Norwegian writer, photographer and environmentalist

Ragnar Frislid (29 June 1926 – 14 June 2009) was a Norwegian writer, photographer and environmentalist.

He was born in Oslo. He was a journalist in Dagbladet from 1950 to 1959. From 1965 to 1986 he edited Norsk Natur, the magazine released by Norwegian Society for the Conservation of Nature. He also edited the magazines Jakt-Fiske-Friluftsliv and Fjell og Vidde as well as the yearbook of the Norwegian Trekking Association. He wrote about 30 books, and translated other books. His 1964 release Naturvern has been called the first Norwegian book about the conservation of nature.

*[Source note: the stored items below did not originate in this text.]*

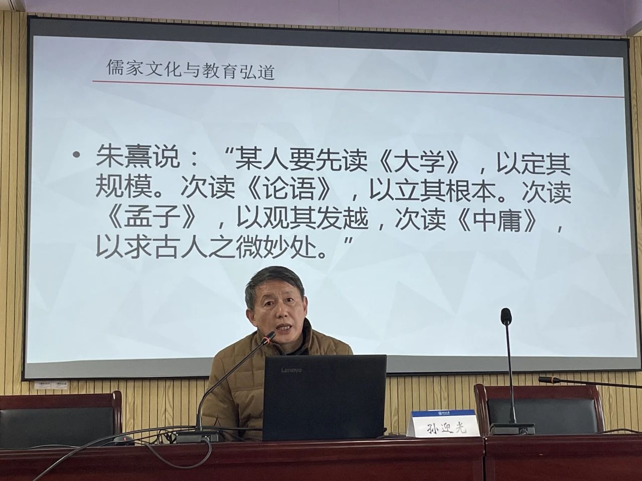 12月6日下午,南京师范大学williamhill英国官网博士生导师孙迎光教授应邀赴公司作题为“儒家文化与教育弘道”的学术报告。会议在williamhill江宁校区厚学楼1208教室举办,由公司博士生导师孙其昂教授主持,公司部分教师、研究生和本科生参加。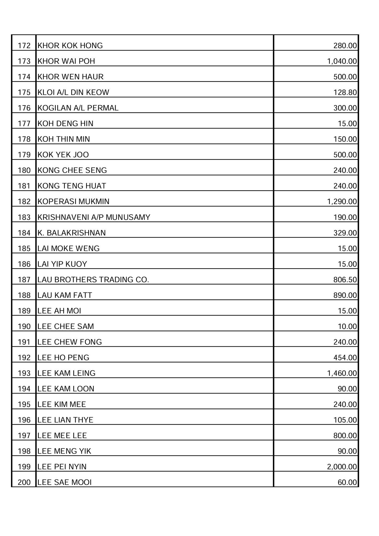 Berikut adalah senarai nama pihak yang terlibat dalam kategori deposit tidak aktif bagi sewa dan pelbagai :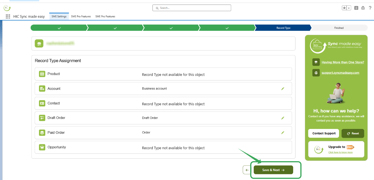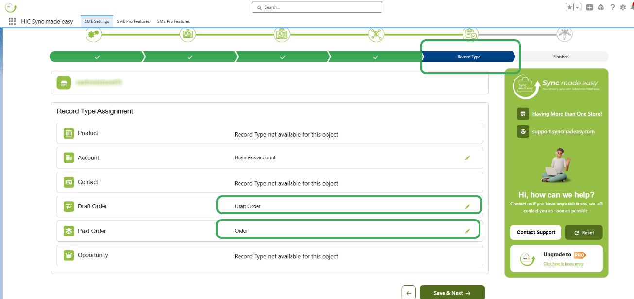 Step 2: Click Save & Next to apply the changes. This ensures Shopify Drafts and Completed Orders are categorized correctly in Salesforce.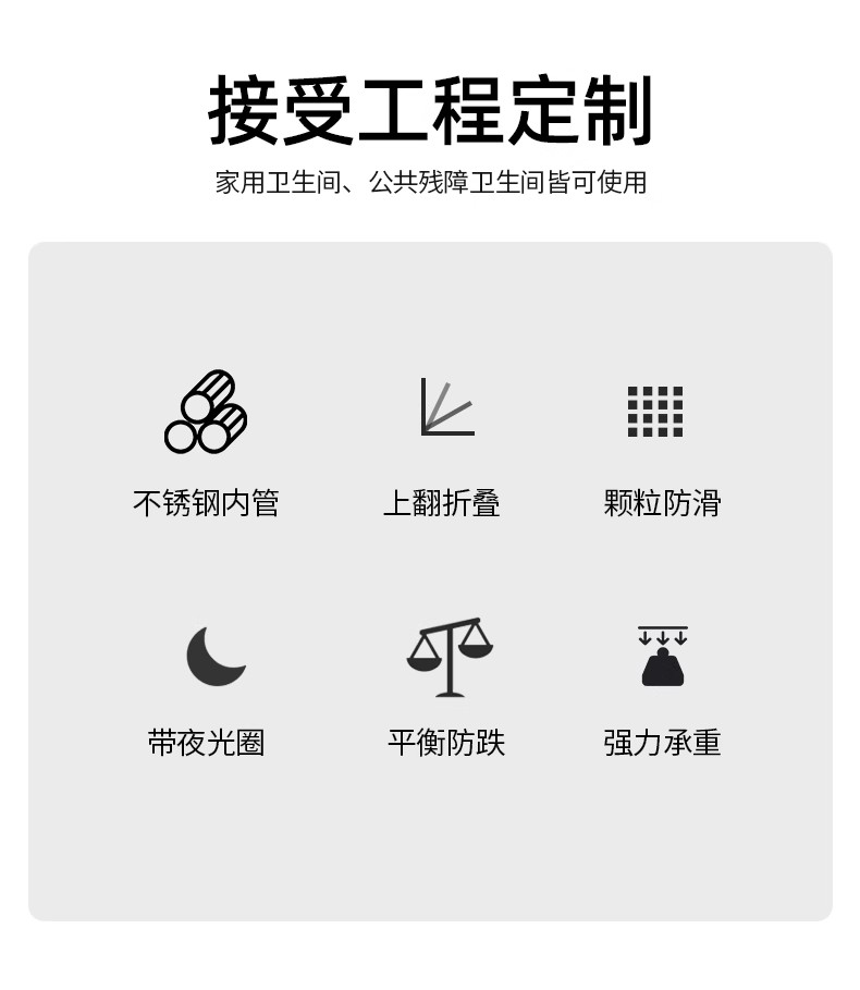 此外,这款扶手还采用了人性化的设计,荧光效果定位可以避免磕碰摔倒,让使用更加安全。大颗粒防滑和凸点防滑的设计可以让手湿的时候也不会打滑,增强了摩擦力,避免了摔倒的风险。
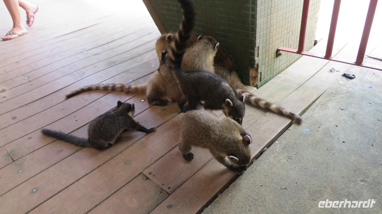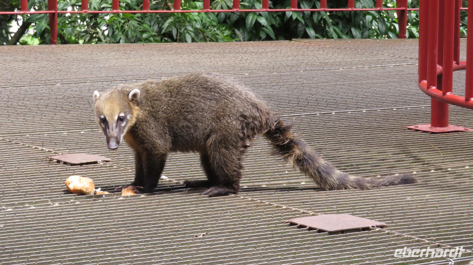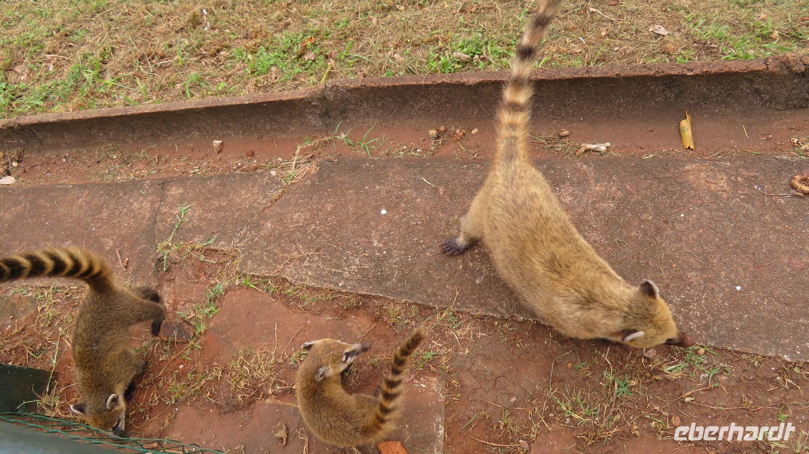 Am frühen Morgen hieß es leider schon Abschied zu nehmen. Wir verließen die Stadt mit einem lachenden und einem weinenden Auge. Zum einen, weil wir gerne nochmal einen Tag in die Stadt eingetaucht wären und am Nachmittag nochmal die Copacabana unsicher gemacht hätten, aber zum anderen, freuten wir uns auch auf die Wasserfälle. Nach rund zwei Stunden Flug empfängt uns Maike und wir tauchten direkt in die Natur ein. Nach dem Trubel der Großstadt, heißt es hier Idylle und Natur satt. Wir fuhren direkt vom Flughafen zum Nationalpark. Hier angekommen, gab es erst einmal eine Stärkung und man merkte direkt, dass Wetter ist hier anders als in Rio. Nachdem wir noch ein kurzes Stück mit dem Bus unterwegs waren, empfingen uns direkt am Eingang die Nasenbären mit ihren kleinen Kindern. Man könnte sich gar nicht richtig entscheiden, ob man nun das erste Bild von den süßen kleinen Nasenbären oder von den Wasserfällen machen möchte. Wenig später ist es aber ganz klar, die Wasserfälle haben gewonnen. Diese gehören neben den Niagara Fällen und den Victoria Fällen zu den größten Wasserfällen der Welt. Insgesamt erstrecken sich die durchschnittlichen 275 Wasserfälle auf 3 km Länge. Am imposantesten ist die Teufelsschlucht am Ende des Weges. Hier bekommt man ein wenig das Gefühl vermittelt, wie viel Wassermassen hier nach unten sausen. Obendrauf gab es noch eine Dusche Gratis. ? Am Nachmittag lassen wir die Seele am Pool baumeln und sammeln diese dann am späten Abend wieder ein, um das Abendessen im Hotel zu genießen.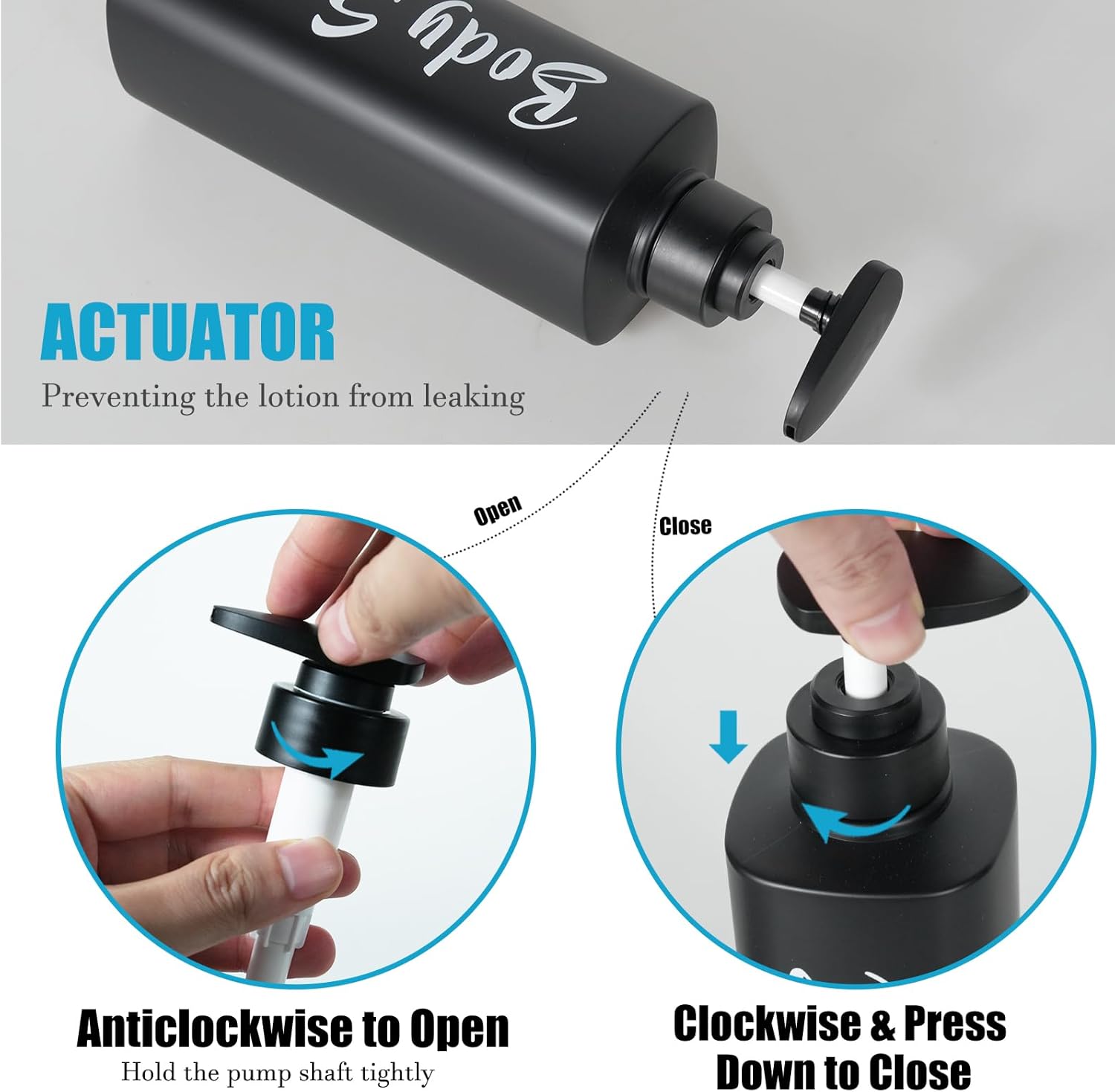 - Permanent Waterproof Stickers: Our shampoo and conditioner dispensers are printed with strong and fancy labels on a high quality silk printer for durability. Each bathroom soap dispenser set is labeled with the words “shampoo”, “conditioner”, and “body soap” to help you easily identify each pump bottle dispenser.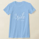 Der T - Shirt von Frauen wird in einem Crew-Hals und kurzen Ärmeln Stil in Babyblau mit weißem Text gezeigt: Braut und ein benutzerdefinierter Sample-Name. Passen Sie diesen Artikel an und ändern Sie den Beispielnamen in Ihren Namen oder kaufen Sie, wie es ist.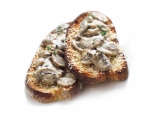 Untul se incalzeste intr-o tigaie, peste care se vor pune ciupercile taiate in jumatati, cand ciupercile incep sa se inmoaie. Se adauga si ceapa taiata marunt, se condimenteaza cu cimbru sare si piper, apoi se lasa la foc mic, pana cand ceapa devine translucida. Cand se va evapora apa lasata de ciuperci si ceapa, se va adauga si smantana in tigaie si se va fierbe pana cand se va obtine o consistenta asemanatoare unei creme. Feliile de paine se vor condimenta cu sare si piper, se intinde cu o lingura, branza rasa pe fiecare dintre felii si se vor pune pe un gril pana devin crocante. Cand sunt gata, feliile se pun pe o farfurie, si se acopera cu sosul preparat si un strop de ulei de masline. Se servesc imediat.
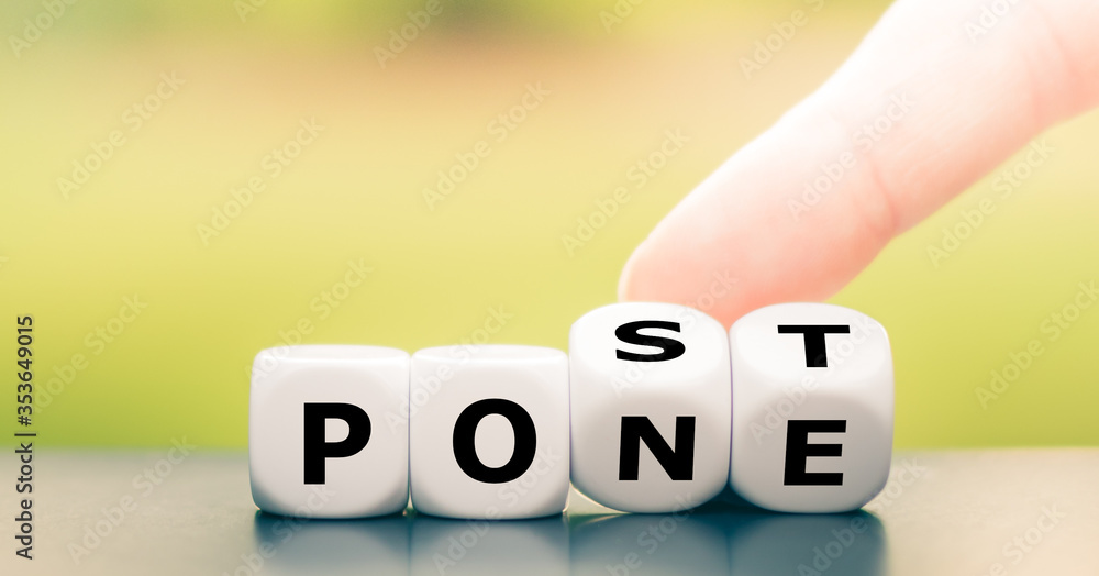 Postponed events regarding covid-19. Dice form the word "postpone".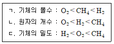 0℃, 1기압에서 수소(H2), 메테인(CH4), 산소(O2) 기체가 각각 1g씩 따로 존재한다. 각 기체에 대한 물리량의 크기 비교로 옳은 것만을 <보기>에서 모두 고른 것은? (단, 수소, 탄소, 산소의 원자량은 각각 1, 12, 16이다)
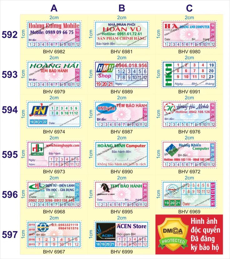 Có 3 loại kích thước tem chuẩn cho tem bảo hành, tem niêm phong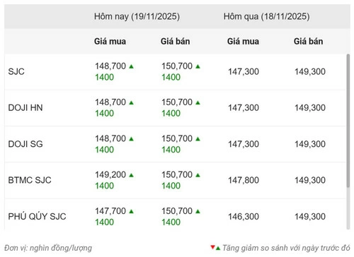 Cụ thể, tại thời điểm 10 giờ 30 phút ngày 19-11, Công ty Vàng bạc đá quý Sài Gòn (SJC) niêm yết giá vàng miếng SJC mua vào-bán ra ở mức 148,7-150,7 triệu đồng/lượng, tăng 1,4 triệu đồng/lượng so chốt phiên trước đó. Chênh lệch mua-bán 2 triệu đồng/lượng.

In 1969 he wrote Norske dyr ('Animals of Norway') together with Arne Semb-Johansson. His translation Verdens dyr ('Animals of the World'), from English to Norwegian in 1984, became an issue of dispute in 1992, when the publishing house J.W. Cappelens Forlag and De norske Bokklubbene arranged for the making of a second edition. Frislid demanded a new fee of in addition to the one-off fee of NOK 319,158 received in 1984. The publishing house won the trials in the district court as well as the court of appeal, but after years of legal battle, Frislid won in the Supreme Court of Norway in 1999.

Frislid also contributed to encyclopedias and radio. As a nature photographer he was a part of the Norwegian photo agency Samfoto and an honorary member of the organization Norwegian Nature Photographers. He died in June 2009.